Chagas disease is borne by an unwelcome immigrant—the triatomine or “kissing” bug, which lives in the cracks of substandard housing and passes on the parasite to people by defecating while sucking their blood. When the victim scratches the affected area he transfers the pathogen-laden fecal matter into the tiny bite wound triggering a chronic, silent parasitic infection that can lead to fatal heart or intestinal damage in two of every five sufferers. It also causes intellectual retardation in as many as one in ten sufferers.55 Chagas mainly affects Hispanic communities.56

Cysticercosis

Cysticercosis causes epileptic seizures and other brain damage in a process as gruesome as any horror film.

Beginning in 2008, lurid national headlines screamed, “The Worms That Invade Your Brain,” “Worm Removed from Woman’s Brain,” and “Hidden Epidemic: Tapeworms Living Inside People’s Brains.” MRIs of patients who presented to emergency rooms with sudden epilepsy or fainting began to reveal that their brains were irregularly studded with tapeworms.

That’s right, tapeworms. Although we think of them, when we must, as infesting the human digestive system, where well-nourished specimens can grow to twenty feet or more, these tapeworms result from a parasitic infection known as taeniasis.

Each tapeworm produces a wealth of 50,000 eggs, which are shed in the feces of infected people. Once on the ground and eaten by pigs, they grow into larvae that normally burrow into porcine blood vessels where they wait to be consumed by humans eating undercooked pork, and their life cycle begins again.

But sometimes the eggs from the body of an infected person take a fateful detour when accidentally ingested by another human instead of a pig. When the infected person prepares food without washing his hands, for example, an egg develops into a larva that burrows into the human bloodstream and hitches a ride to the brain. Tunneling into the brain, these larvae become encysted, cloaking themselves from the immune system with specialized tissues. Thus ensconced and unmolested by the immune system, they unleash the horribly versatile disease called cysticercosis.

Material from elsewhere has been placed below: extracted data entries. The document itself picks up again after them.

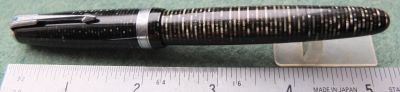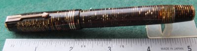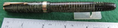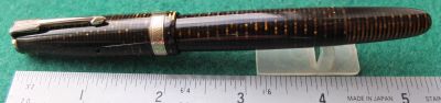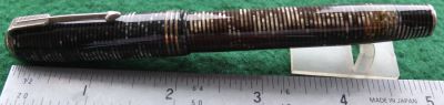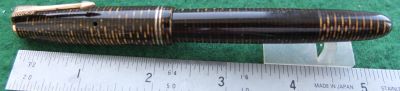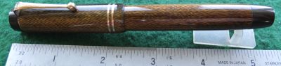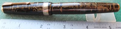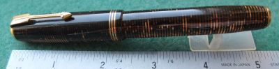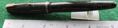 par1304: A very nice condition Senior-size Duofold fountain pen in brown and black herringbone from 1943 ish with a very nice medium grade 14ct gold nib; the nib has a little flex; this is a very desireable pen and hard to find especially in this condition. £425.00 SOLD |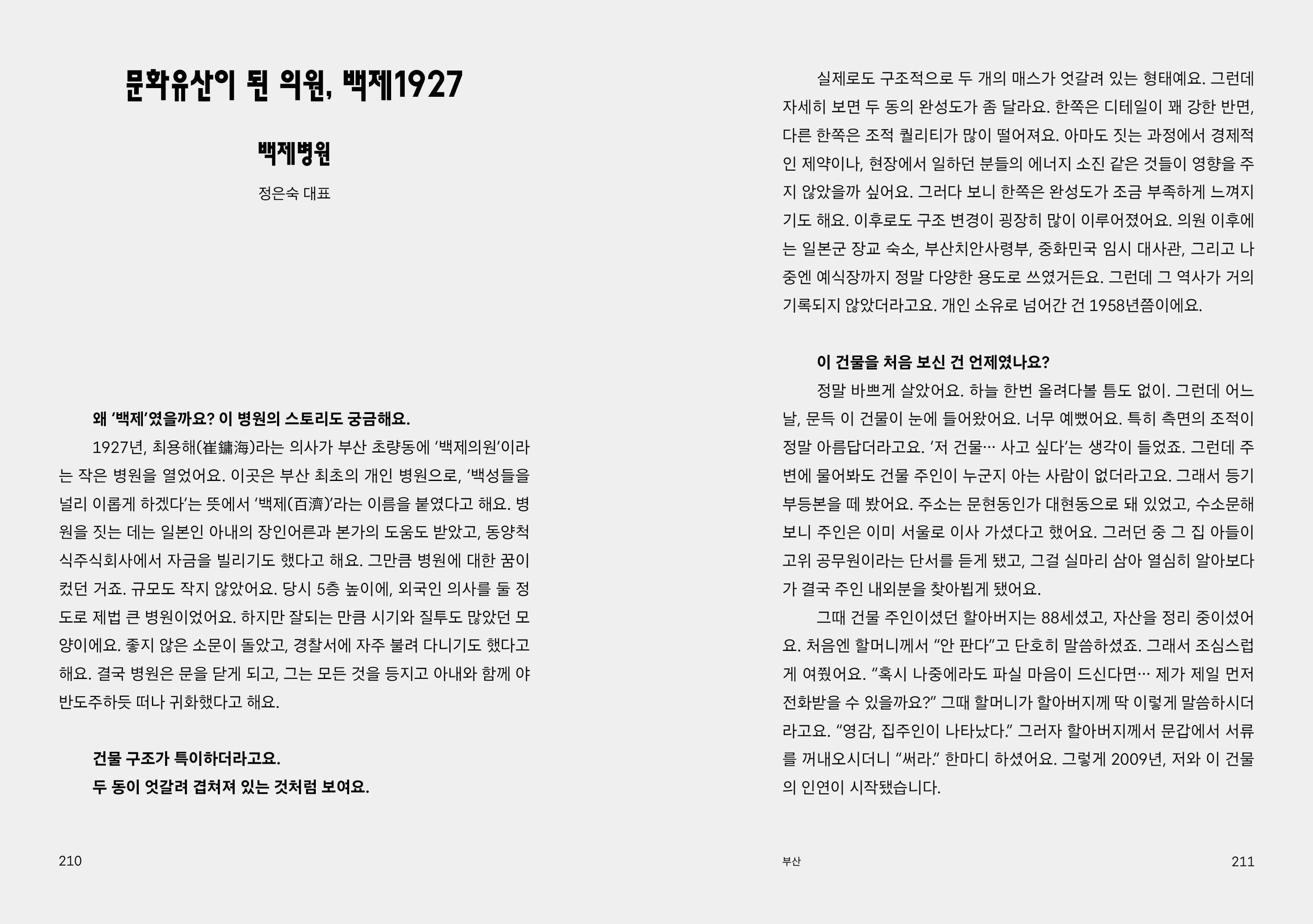 오래된 건물과 그곳만의 기억을 캐고 기록하는 ‘초현실부동산’이 동네 의원에 관심을 둔 것은 지극히 당연한 일이었다. 오래되었지만 듬직한 건물을 기웃거리다 보니 자꾸 눈에 들어온 게 바로 동네 의원 건물이었다. 서산부인과, 서내과의원, 유명숙산부인과의원 그리고 이름도 사연도 궁금한 수많은 공간들. 그러던 어느 날, 운영자 여섯 명이 모두 모인 자리에서 누군가가 던진 질문 하나가 이번 책의 시동을 걸었다. “근데 동네 의원이 왜 자꾸 우리의 레이더망에 들어오는 걸까? 혹시 다들 뇌리에 남아 있는 동네 병원 하나씩은 있지 않아?”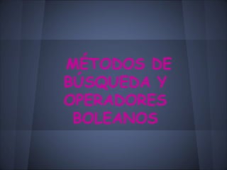Este documento describe diferentes métodos y herramientas para realizar búsquedas de información en línea, incluyendo operadores booleanos, índices temáticos, motores de búsqueda, metabuscadores, buscadores avanzados, traductores automáticos y sus tipos. Explica que cada uno tiene un propósito específico para encontrar datos de manera más precisa.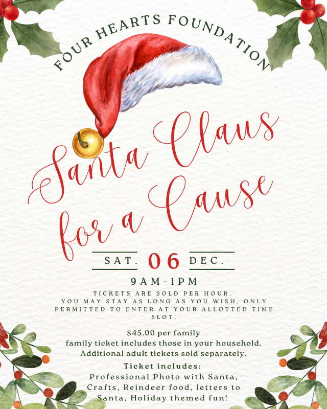Thank you for the interest in SANTA CLAUS for a CAUSE. This event is filled with magic. Ticket price includes all activities! (Santa letters, reindeer food etc). It also includes a professional photo by Kelsea Godek Photography (who volunteers her time yearly-- the GOAT!) Ticket price is per family (this includes your hosuehold only. ) Extra adult tickets (like grandparents, aunts, friends) are sold seperately. If you are brining an extra child, please also purchase this (example a niece or nephew or friend). This allows us to keep pricing fair and keep the crowd a managable size! Please note the tickets are sold per hour. You will not be permitted to admit at any time other than your time slot. You may stay as long as you like, however you have to abide by your time slot. This allows us to keep the crowd managable and have kids not wait for things (aka- more magical for all!) ! Thank you for understandning and following the rules :)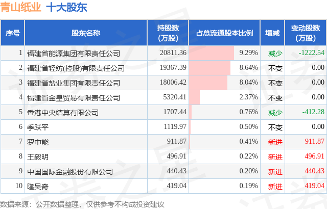 根据青山纸业2025年三季报公布的十大股东详情如下: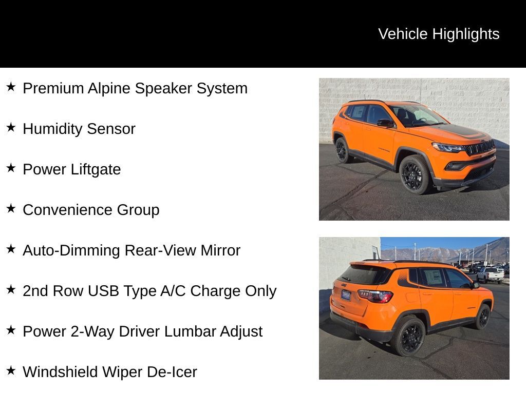 2026 Jeep Compass Latitude Joose 4D Sport Utility 2.0L I4 DOHC 4WD 4WD, 2nd Row USB Type A/C Charge Only, Auto-Dimming Rear-View Mirror, Convenience Group, Humidity Sensor, Power 2-Way Driver Lumbar Adjust, Power Liftgate, Premium Alpine Speaker System, Windshield Wiper De-Icer, 17'' x 7'' Aluminum Wheels, 3.73 Final Drive Ratio, 4-Wheel Disc Brakes, 6 Speakers, ABS brakes, Air Conditioning, Auto High-beam Headlights, Automatic temperature control, Brake assist, Compass, Delay-off headlights, Driver door bin, Driver vanity mirror, Dual front impact airbags, Dual front side impact airbags, Electronic Stability Control, Emergency communication system: SiriusXM Guardian, Four wheel independent suspension, Front anti-roll bar, Front Bucket Seats, Front fog lights, Front reading lights, Fully automatic headlights, Heated door mirrors, Heated front seats, Heated steering wheel, Illuminated entry, Knee airbag, Leather Shift Knob, Leather steering wheel, Low tire pressure warning, Occupant sensing airbag, Outside temperature display, Overhead airbag, Overhead console, Panic alarm, ParkView Rear Back-Up Camera, Passenger door bin, Passenger vanity mirror, Power door mirrors, Power steering, Power windows, Premium audio system: UConnect 5, Premium Cloth/Vinyl Bucket Seats, Rear anti-roll bar, Rear window defroster, Rear window wiper, Remote keyless entry, Security system, Speed control, Split folding rear seat, Spoiler, Steering wheel mounted audio controls, Tachometer, Telescoping steering wheel, Tilt steering wheel, Traction control, Variably intermittent wipers, Wheels: 18'' x 7'' Gloss Black Painted Aluminum, 4WD, 2nd Row USB Type A/C Charge Only, Auto-Dimming Rear-View Mirror, Convenience Group, Humidity Sensor, Power 2-Way Driver Lumbar Adjust, Power Liftgate, Premium Alpine Speaker System, Windshield Wiper De-Icer. 23/31 City/Highway MPG Price includes: $1000 - 2026 National Retail Bonus Cash . Exp. 03/02/2026 $1000 - 2026 West BC Retail Bonus Cash . Exp. 03/02/2026 $1960 - 2026 National Select Inventory Bonus Cash w/ 4TR . Exp. 01/04/2027 $2000 - 2026 National Select Inventory Bonus Cash. Exp. 03/02/2026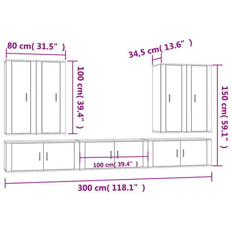 5 Piece TV Cabinet Set Smoked Oak Engineered Wood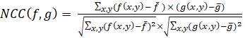 f(x,y) and g(x,y) represent the pixel intensities at location (x,y) of images f and g respectively.
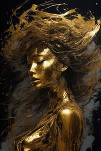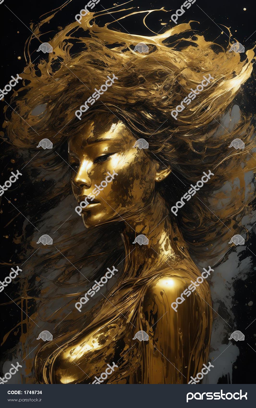 تصویر چهره زن با موهای طلایی روان و بدن براق برای پوستر دکوراسیون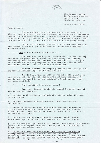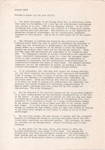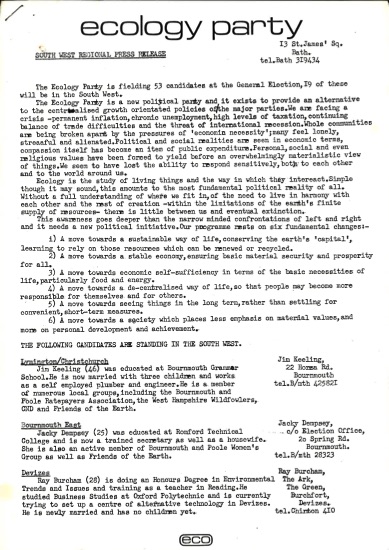 Documents relating to the Ecology Party organisation. Manifestos, Electioneering, General Leaflets, Correspondence, Press Releases, Articles
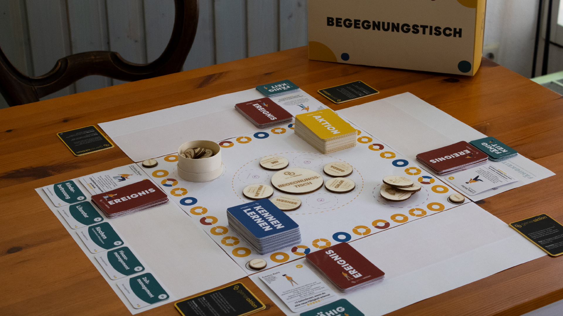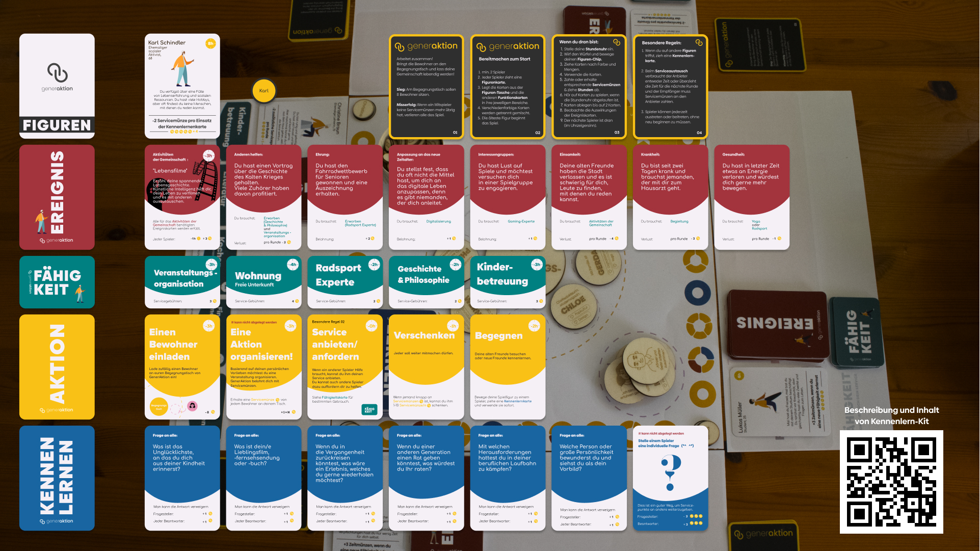 Die Kennenlernkarten ermöglichen es ihnen, die anderen Teilnehmer besser kennenzulernen. Mit den Aktionskarten helfen sie sich gegenseitig und lernen dabei GenerAktion näher kennen.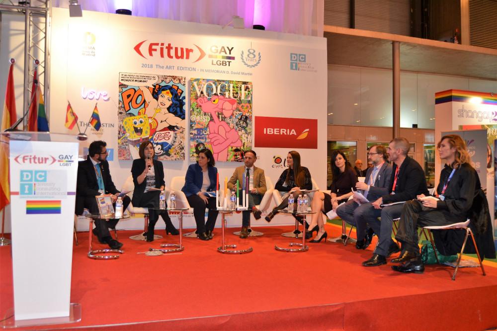 El estand de la Comunitat Valenciana en Fitur LGBT se ha llenado de público esta mañana para escuchar a destacados embajadores de hospitalidad que han participado en una mesa redonda en la que han dado a conocer la diversidad de oferta de sus destinos, dejando constancia de que "somos una comunidad abierta, inclusiva y donde todo el mundo tiene cabida".

Cysts near the brain’s visual cortex can blind the carrier. Cysts near the language area can disrupt speech or its comprehension. Cysts sometimes block the flow of cerebral fluid, causing hydrocephalus, which necessitates a shunt to relieve the pressure and prevent unconsciousness. Blindness, epilepsy, and lowered mental function (which means lowered IQ) are common, and so is death.

Treatment may not save the intellect because although the drug praziquantel kills the larvae, it also unleashes a vigorous immune response—“friendly fire”—that ends up harming the brain.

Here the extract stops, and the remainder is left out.